Specific methods used by the models are:
CART: The model accumulates the improvement of the model that occurs when
a predictor is used in a split. These values are taken form the rpart
object. See rpart::rpart.object()
.
MARS: MARS models include a backwards elimination feature selection
routine that looks at reductions in the generalized cross-validation (GCV)
estimate of error. The earth()
function tracks the changes in model
statistics, such as the GCV, for each predictor and accumulates the
reduction in the statistic when each predictor's feature is added to the
model. This total reduction is used as the variable importance measure. If a
predictor was never used in any of the MARS basis functions in the final
model (after pruning), it has an importance value of zero. baguette
wraps
earth::evimp()
.
C5.0: C5.0
measures predictor importance by determining the percentage
of training set samples that fall into all the terminal nodes after the
split.

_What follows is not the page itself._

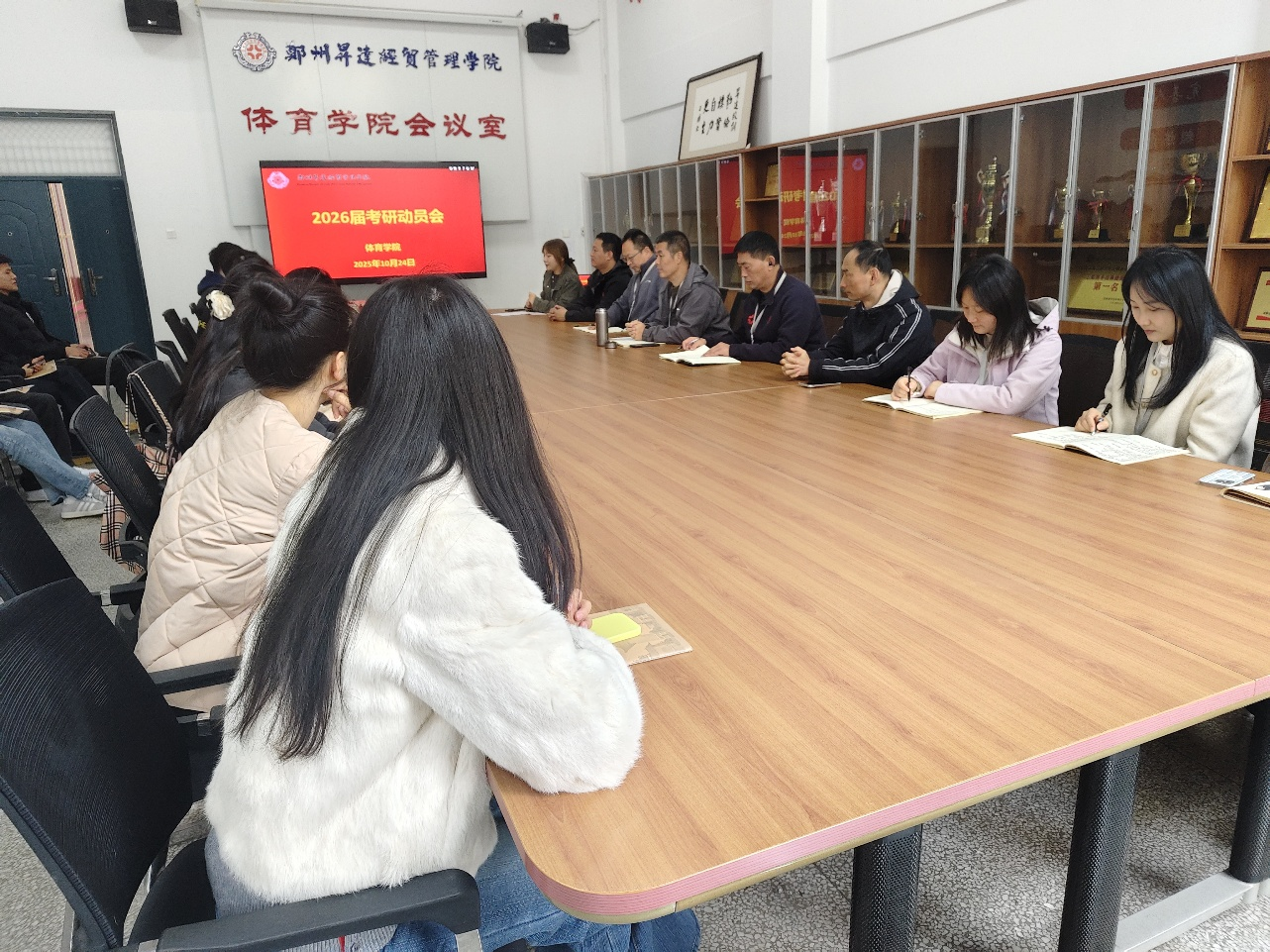 为切实帮助考研学生明确备考方向、坚定升学信心,10月24日上午,体育学院于体育馆会议室召开考研动员大会。学院党委书记韩炎涛、院长张王利、党委副书记高建涛、社体教研室主任李英豪、体舞教研室主任栗元辉、全体辅导员及大四全体报名研究生考试的学生共同参会,为即将踏上考研征程的学子注入“强心剂”。

For example, the predictor in the first split automatically has an
importance measurement of 100 percent since all samples are affected by this
split. Other predictors may be used frequently in splits, but if the
terminal nodes cover only a handful of training set samples, the importance
scores may be close to zero.
Note that the value
column that is the average of the importance scores
form each model. The divisor of this average (and the corresponding standard
error) is the number of models (as opposed to the number of models that
used the predictor). This means that the importance scores for a predictor
that was not used in the model has an implicit zero importance.
A tibble with columns for term
(the predictor), value
(the
mean importance score), std.error
(the standard error), and used
(the
occurrences of the predictors).